Usually, expiration of data in a particular tablet are handled by this tablet's "primary replica". However, if that node is down, we want another node to perform these expiration until the primary replica goes back online. We created a function `tablet_map::get_secondary_replica()` to select that "other node". We don't care too much what the "secondary replica" means, but we do care that it's different from the primary replica - if it's the same the expiration of that tablet will never be done.
It turns out that recently, in commits 817fdad and d88036d, the implementation of get_primary_replica() changed without a corresponding change to get_secondary_replica(). After those changes, the two functions are mismatched, and sometimes return the same node for both primary and secondary replica.
Unfortunately, although we had a dtest for the handling of a dead node in Alternator TTL, it failed to reproduce this bug, so this regression was missed - nothing else besides Alternator TTL ever used the get_secondary_replica() function.

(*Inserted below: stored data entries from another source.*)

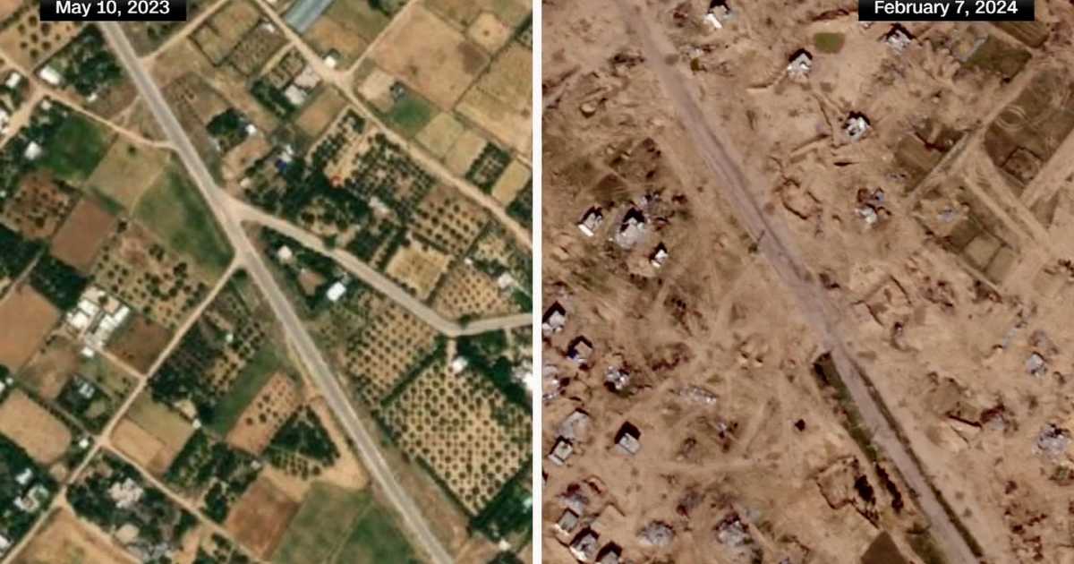 واستعان بصورتين لمنطقة زراعية في غزة، حملت الأولى تاريخ 10 مايو 2023 والثانية 7 فبراير 2024، لكشف حجم الدمار الذي لحق بها.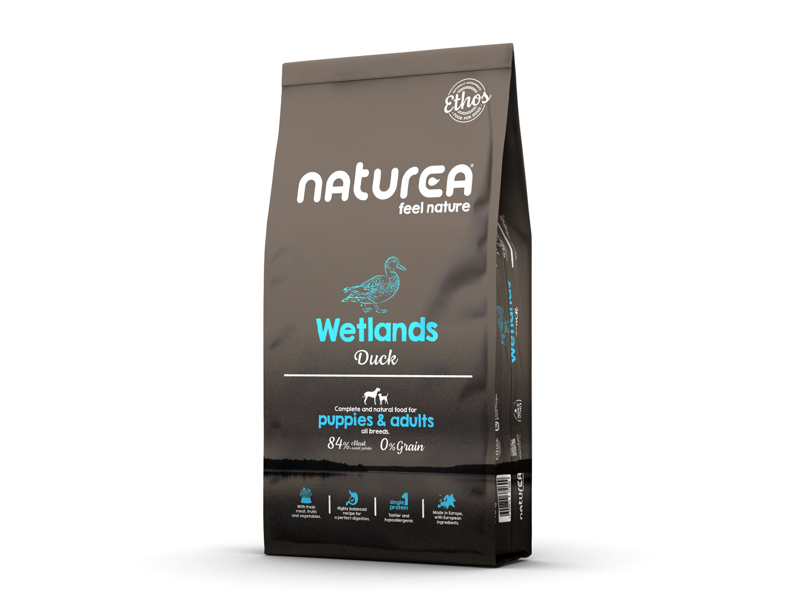 Med Naturea Wetlands Duck, kombinerer fordelene ved en enkelt proteinkilde, med den unikke smag af andekød. Dermed opnås det bedste fra begge verdener: sundhed og glæde i alle måltider. Ud over alle disse fordele, indeholder Naturea Wetlands Duck sød kartoffel, frugt, grøntsager og alger, samt høje niveauer af glucosamin, chondroitin og MSM til at støtte leddene og mobiliteten af din bedste ven .
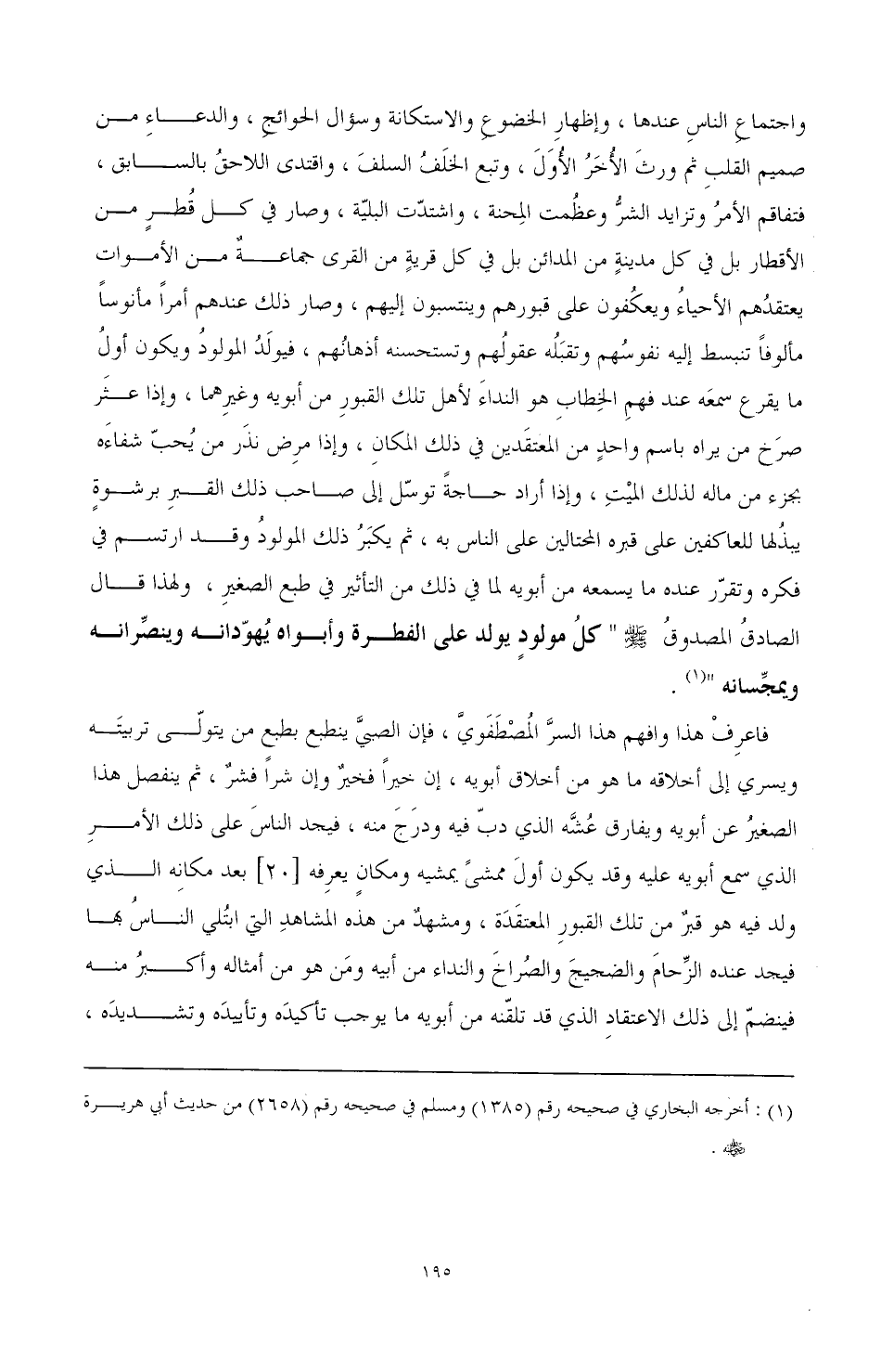 فاعرف هذا وافهم هذا السر المصطفوي، فإن الصبي ينطبع بطبع من يتولى تربيته ويسري إلى أخلاقه ما هو من أخلاق أبويه، إن خيرا فخير وإن شرا فشر، ثم ينفصل هذا الصغير عن أبويه ويفارق عشه الذي دب فيه ودرج منه، فيجد الناس على ذلك الأمر الذي سمع أبويه عليه وقد يكون أول ممشى يمشيه ومكان يعرفه [20] بعد مكانه الذي ولد فيه هو قبر من تلك القبور المعتقَدَة، ومشهد من هذه المشاهد التي ابتلي الناس بها فيجد عنده الزحام والضجيج والصراخ والنداء من أبيه ومن هو من أمثاله وأكبر منه فينضم إلى ذلك الاعتقاد الذي قد تلقنه من أبويه ما يوجب تأكيده وتأييده وتشديده،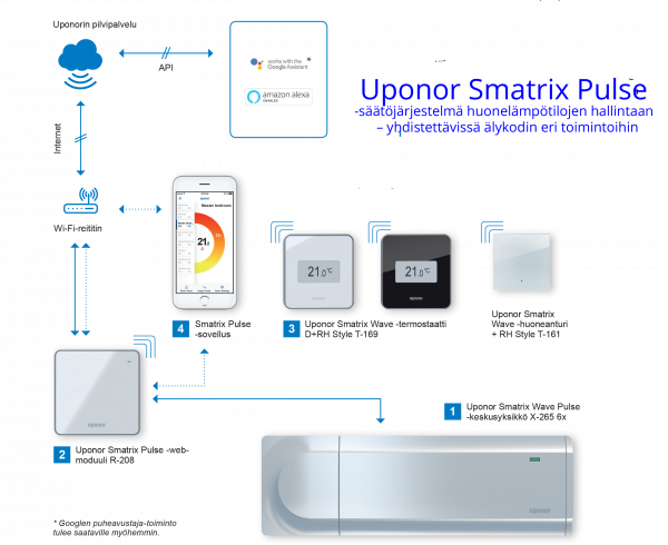 Uponor Smatrix Pulse – uuden ajan lattialämmitysjärjestelmä, joka on yhteensopiva monien eri älykotisovellusten kuten Alexa- ja Google* -puheavustajien kanssa.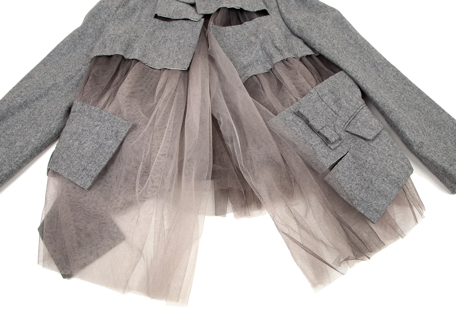 コムデギャルソンCOMME des GARCONS メッシュフェルト貼り付けジャケット グレーS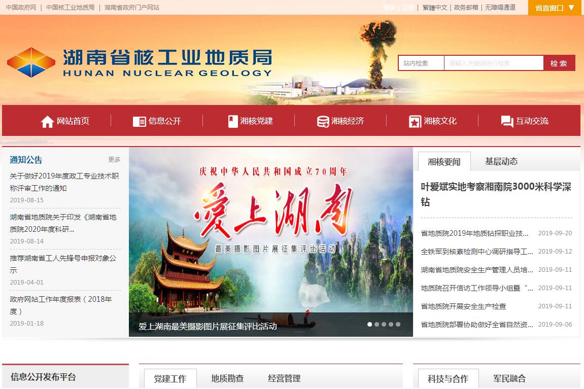湖南省核工业地质局主要职责:(一)按照国家和省有关地质、矿产资源勘查开发、测绘管理、国防工业发展的法律、法规和政策,以及国家和省矿产资源的统一规划,会同有关部门拟定本局核地质工作规划;制定本局核地质勘查开发和其他产业经营等年度工作计划;(二)负责湖南省行政区域内放射性矿产资源的区调、普查、勘探;(三)根据授权,负责管理中南地区核放射性矿产资源储量和放射性矿产地质档案资料;负责放射性计量模型、标准源等放射性材料和物资的管理以及本系统放射性废渣治理的管理。(四)参与国土资源大调查以及基础性、公益性、战略性地质矿产勘查;承担区域性核放射性环境调查评价任务以及放射性矿产资源的勘查,为国家和省提供资源管理所需的基础信息资料;(五)组织指导核地质找矿队伍完成国家、省人民政府和有关部门下达的核地质勘查、地球物理勘探、资源网络信息管理、测绘、科研等工作任务并汇交其成果资料;(六)管理国家和省下达的核地质勘查经费;按照国有资产管理的要求负责监管本局系统的国有资产,并承担国有资产的保值增值责任;(七)统一管理湖南省核地质勘查事业单位,指导所属单位体制改革,逐步推进核地质勘查单位实行企业化经营;负责所属单位领导班子建设;负责本局机关和所属单位的机构编制、干部人事、劳动与社会保障工作;指导所属单位职工队伍建设和精神文明建设。(八)承办省委、省人民政府交办的其他事项。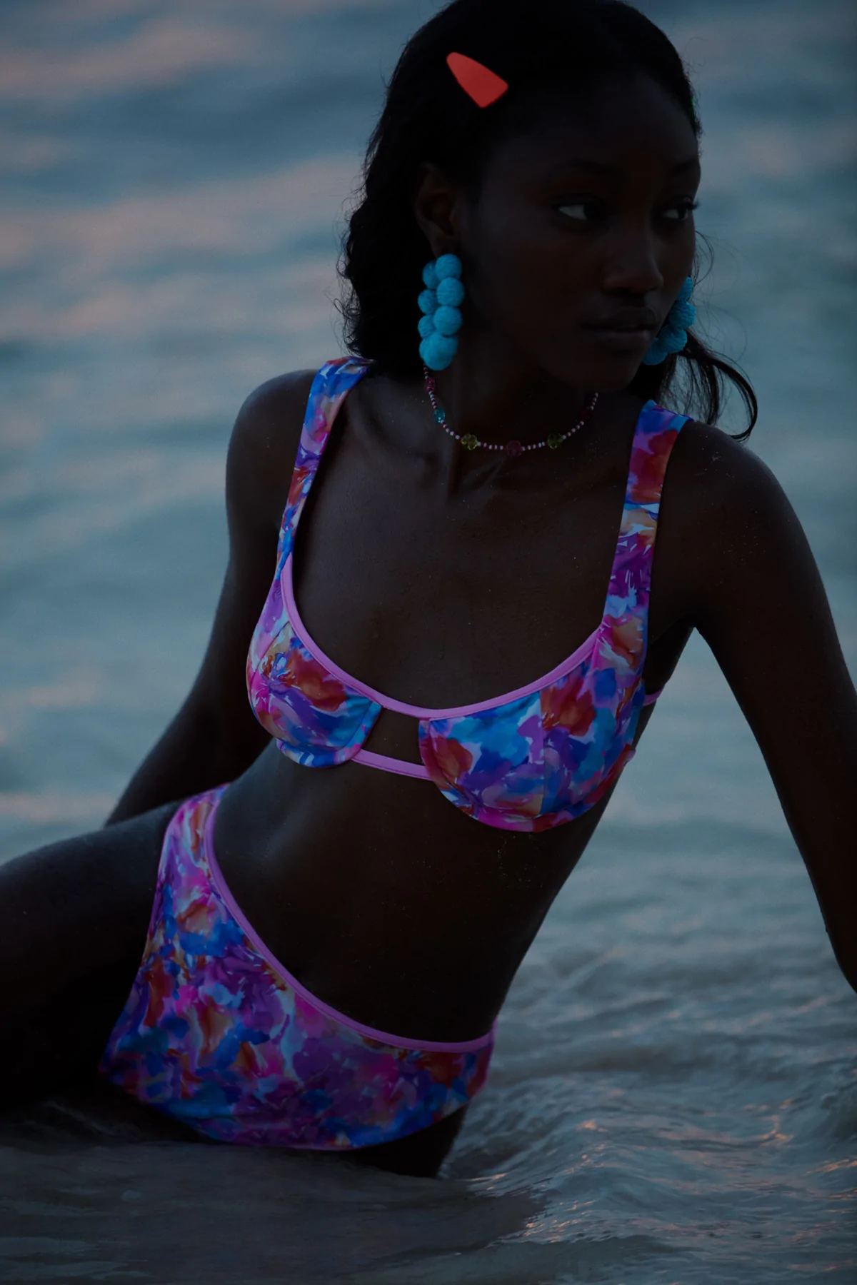 « Energized summer nights » As the sun is setting across the ocean this summer, we begin to turn up the volume to celebrate nature’s blissful sunset spectacle. Enchanted by stimulating palettes, the season’s heated summer nights turn into rhythms that pulsate between neon-lights and tropical gloom. Visuals blur into a symphony of colors to create a new set of tropical prints for a vibrant phantasy of the next holiday escape.

So this series, in addition to fixing the bug, we add two tests that reproduce this bug (fail before the fix, pass with the fix):
1. A unit test that checks that get_secondary_replica() always returns a different node from get_primary_replica()
2. A cluster test based on the original dtest, which does reproduce this bug in Alternator TTL where some of the data was never expired (but only failed in release build, for an unknown reason).
Fixes SCYLLADB-777.
Closesscylladb/scylladb#28771
* github.com:scylladb/scylladb:
test: add unit test for tablet_map::get_secondary_replica()
test, alternator: add test for TTL expiration with a node down
locator: fix get_secondary_replica() to match get_primary_replica()